_Your instructions:_ In the entries below, which lines run from the one with "Geantă practică și" through the one with "- 【Super Bright"? Repeat exactly those, both included, and no pictures.

_Data:_
-----

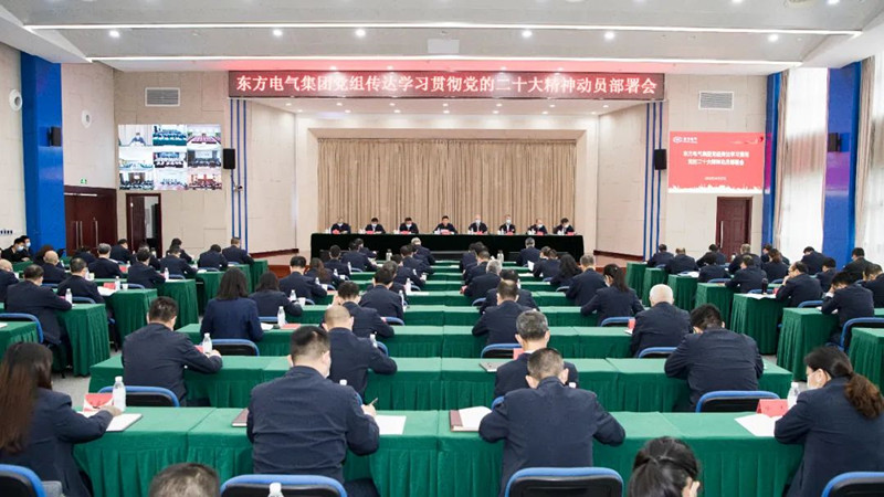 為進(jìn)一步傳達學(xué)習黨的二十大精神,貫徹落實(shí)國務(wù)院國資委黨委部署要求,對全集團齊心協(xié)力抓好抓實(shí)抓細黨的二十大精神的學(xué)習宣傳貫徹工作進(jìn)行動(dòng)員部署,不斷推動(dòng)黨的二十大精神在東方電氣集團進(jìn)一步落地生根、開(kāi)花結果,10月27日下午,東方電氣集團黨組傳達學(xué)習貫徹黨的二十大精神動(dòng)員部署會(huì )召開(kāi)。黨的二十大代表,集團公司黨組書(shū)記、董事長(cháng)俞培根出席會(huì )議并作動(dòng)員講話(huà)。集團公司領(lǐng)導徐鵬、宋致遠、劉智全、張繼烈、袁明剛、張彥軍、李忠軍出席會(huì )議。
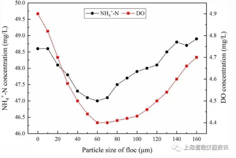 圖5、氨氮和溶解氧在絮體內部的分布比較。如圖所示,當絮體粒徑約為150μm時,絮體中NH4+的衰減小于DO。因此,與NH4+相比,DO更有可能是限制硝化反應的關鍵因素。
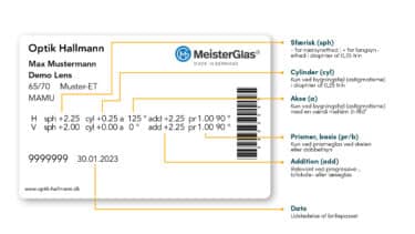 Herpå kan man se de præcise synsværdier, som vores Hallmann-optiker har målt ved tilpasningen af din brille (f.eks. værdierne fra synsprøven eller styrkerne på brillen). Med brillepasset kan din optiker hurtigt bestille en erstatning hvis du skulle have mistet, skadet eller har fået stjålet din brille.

-----

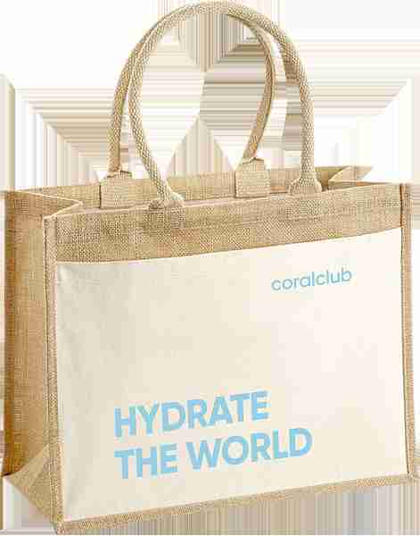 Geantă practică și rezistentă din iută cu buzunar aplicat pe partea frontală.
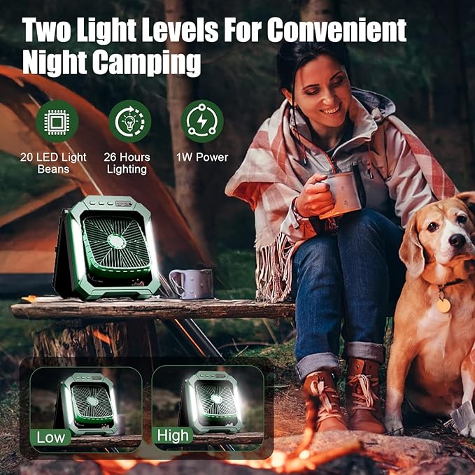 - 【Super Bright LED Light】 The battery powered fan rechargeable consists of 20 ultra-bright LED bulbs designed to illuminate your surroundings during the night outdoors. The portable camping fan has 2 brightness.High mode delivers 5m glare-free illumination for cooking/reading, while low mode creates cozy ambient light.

-----

_Final answer:_
 Geantă practică și rezistentă din iută cu buzunar aplicat pe partea frontală.
 - 【Super Bright LED Light】 The battery powered fan rechargeable consists of 20 ultra-bright LED bulbs designed to illuminate your surroundings during the night outdoors. The portable camping fan has 2 brightness.High mode delivers 5m glare-free illumination for cooking/reading, while low mode creates cozy ambient light.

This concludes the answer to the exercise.